Who Should Listen and Who Should Skip
Ages eight through fourteen who find standard history books dry but light up when someone explains that two medieval queens caused a war because they personally despised each other. Parents who want audiobooks that generate dinner-table conversation. Anyone who has heard of the Battle of the Sexes but has never had the context explained with actual depth. Skip this if you want straightforward chronological history. McCormick’s approach is relentlessly anecdotal and personality-driven, and that is its entire point.
Frequently Asked Questions
Do I need to have listened to Rivals! 1 and 2 before this one?
No. Each volume in the Rivals! series is fully self-contained. The four feuds covered in this third installment have no narrative connection to the stories in the earlier volumes. You can start anywhere in the series.
Is the Billie Jean King segment appropriate for younger listeners, given its gender politics content?
Yes. McCormick discusses the cultural significance of the 1973 Battle of the Sexes match in terms that are age-appropriate for eight and up. The segment explains what was at stake for women in sports without any content that would concern most parents. It’s a thoughtful treatment of a genuinely important moment.
How does Cary Hite’s narration compare to the other volumes in the series?

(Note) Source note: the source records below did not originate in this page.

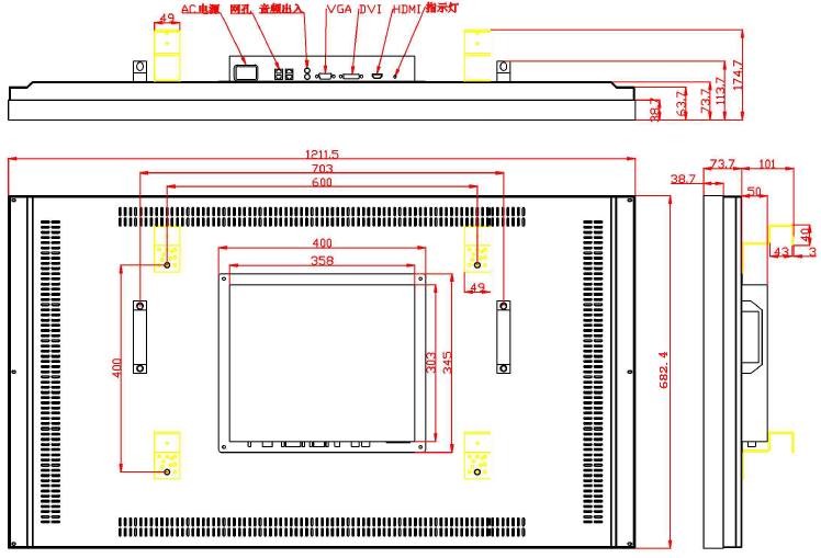 HDMI/DVI/VGA/AV/USB/RS232/ 电源接口
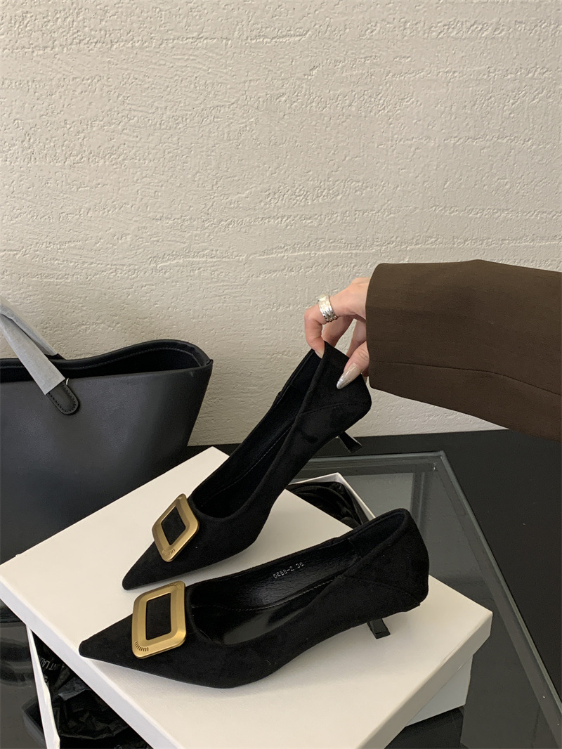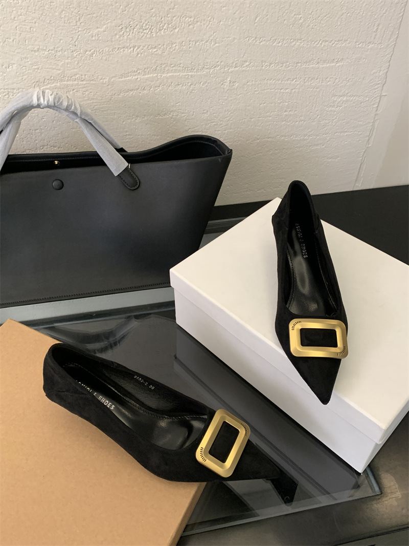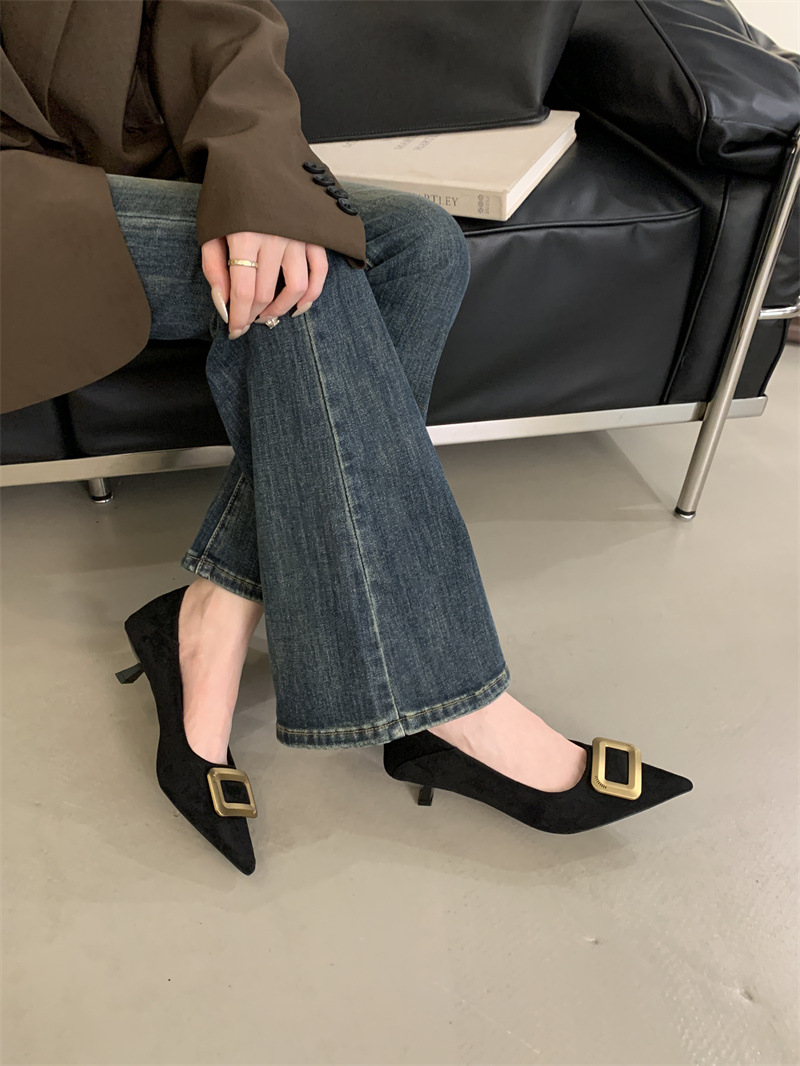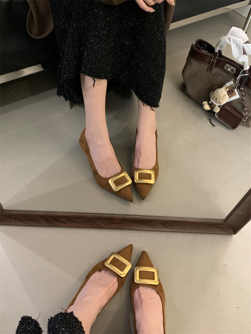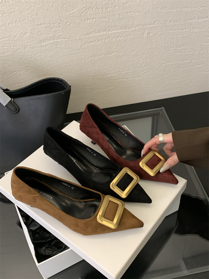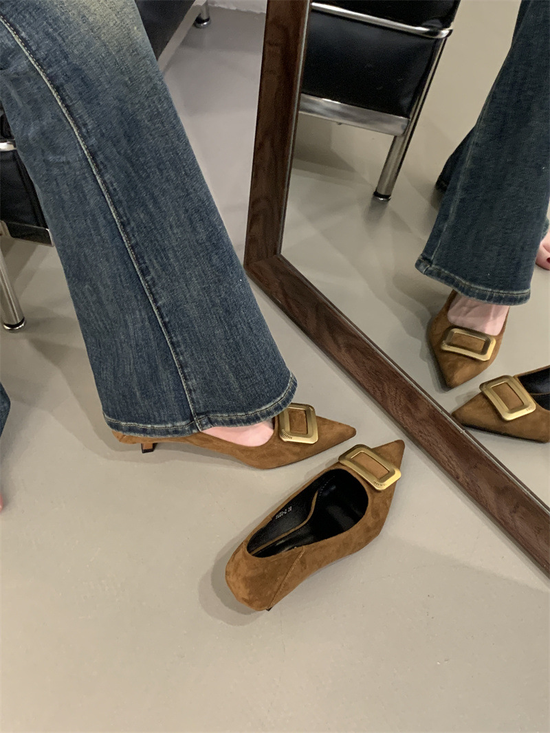 프렌치 스타일 스웨이드 뾰족코 정장 구두 2025 봄 가을 신상 뾰족코 낮은 굽 하이힐 여성용스토어 가기
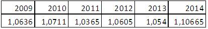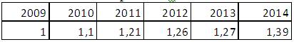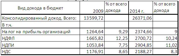 Для оценки использования природных и трудовых ресурсов используем такой агрегатный показатель, как налоговые сборы, которые отражают источники формирования бюджета, а, следовательно, состояние экономики, и дают представление об эффективности использования ресурсов, т.е. национального достояния. Официальные показатели сбора налогов за 2009 г. и 2014 г. (млрд.р.):
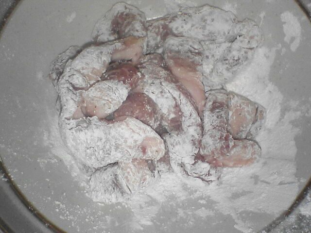 豚肉を食べやすい大きさに切り、塩・コショウで下味をつけ、小麦粉を少しまぶす。

The Rivals! series has used a different narrator for each volume. Hite brings a controlled, dry comic delivery that suits the material well. He handles the tonal shifts between comedy and genuine historical drama effectively. Listeners who enjoyed the previous volumes’ narrators should find Hite’s work equally engaging, though his style is slightly more understated.
Is the Kellogg segment really about breakfast cereal, or is it mostly about their family feud?
Both, inseparably. The corn flakes origin story and the brotherly feud are the same story. John Harvey Kellogg ran a health sanitarium with genuinely eccentric dietary beliefs, and his brother Will commercialized their accidental food invention over John Harvey’s objections. The feud produced the cereal industry. McCormick traces both threads simultaneously.